The definitions of the words or elements of the following invention and its various embodiments are, therefore, defined in this specification to include not only the combination of elements which are literally set forth, but all equivalent structure, material or acts for performing substantially the same function in substantially the same way to obtain substantially the same result. In this sense, it is therefore contemplated that an equivalent substitution of two or more elements may be made for any one of the elements in the invention and its various embodiments below or that a single element may be substituted for two or more elements in a claim.

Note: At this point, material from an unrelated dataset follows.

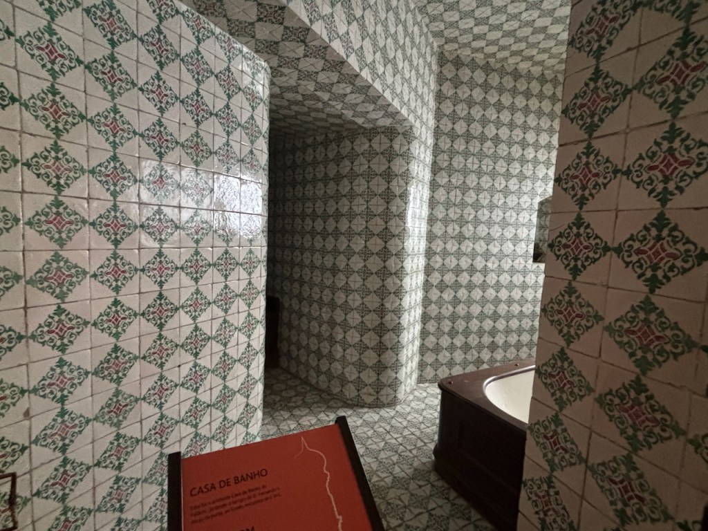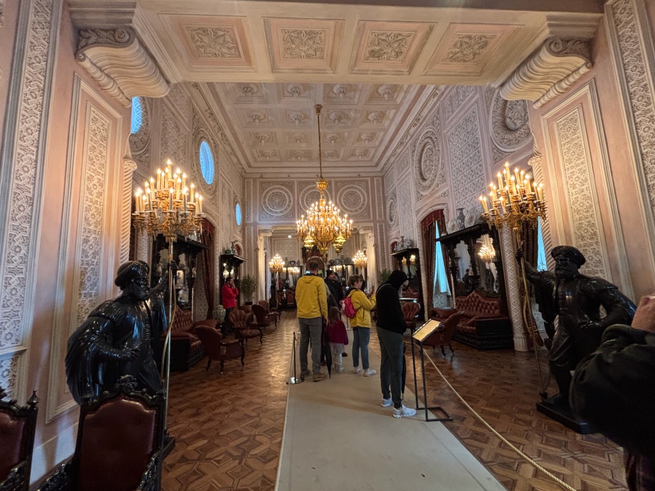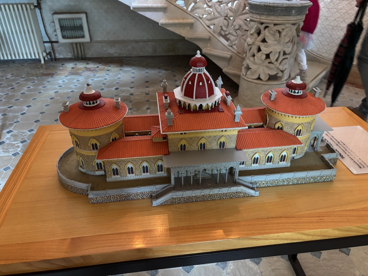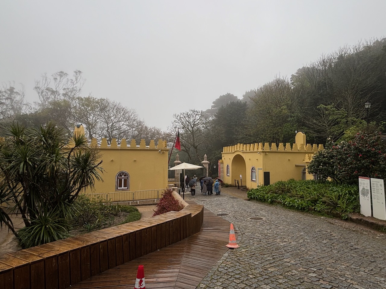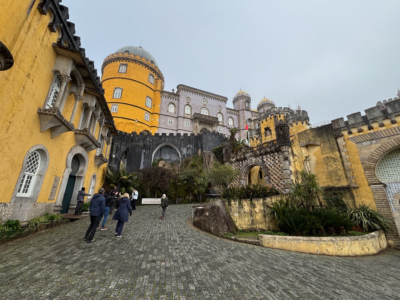 After a little less than an hour’s drive we arrived at Pena Palace, a Romanticist castle, in drizzling rain, handing out the extra umbrella’s our driver had thoughtfully brought along, which would make the rest of the day manageable. We scanned our tickets at the booth and entered a courtyard where we soon caught a shuttle that would take us up the hill to where our tour would start.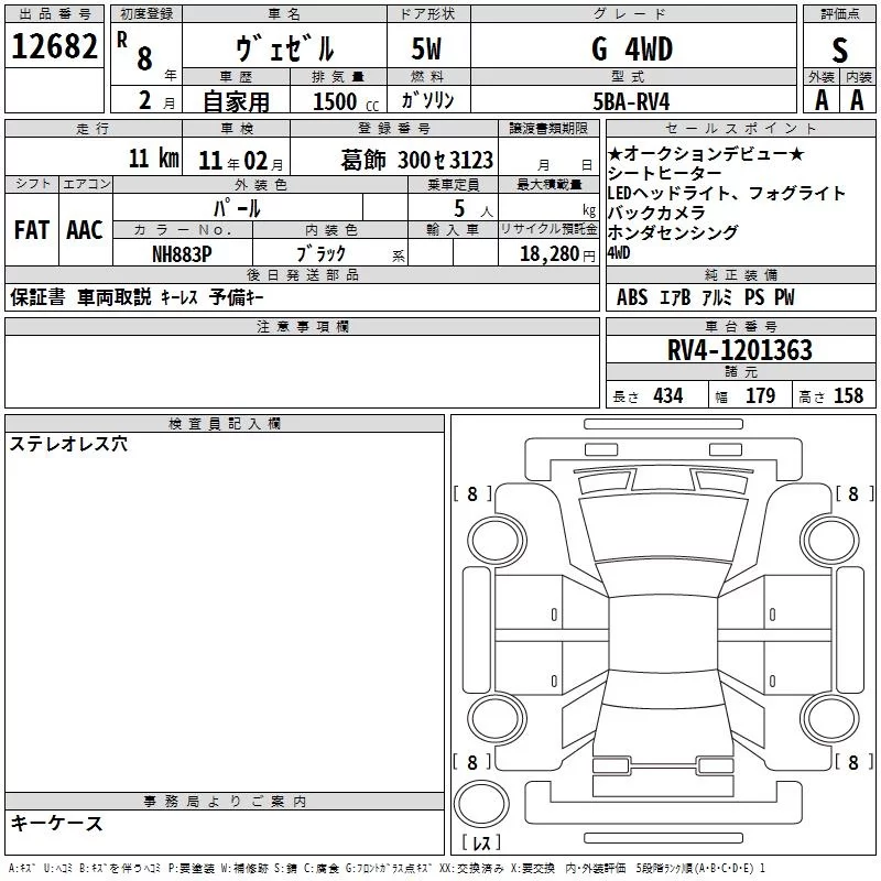 Honda VEZEL с аукциона Японии TAA Yokohama лот № 12682

Insubstantial changes from the claimed subject matter as viewed by a person with ordinary skill in the art, now known or later devised, are expressly contemplated as being equivalently within the scope of the invention and its various embodiments. Therefore, obvious substitutions now or later known to one with ordinary skill in the art are defined to be within the scope of the defined elements.
The invention and its various embodiments are thus to be understood to include what is specifically illustrated and described above, what is conceptionally equivalent, what can be obviously substituted and also what essentially incorporates the essential idea of the invention.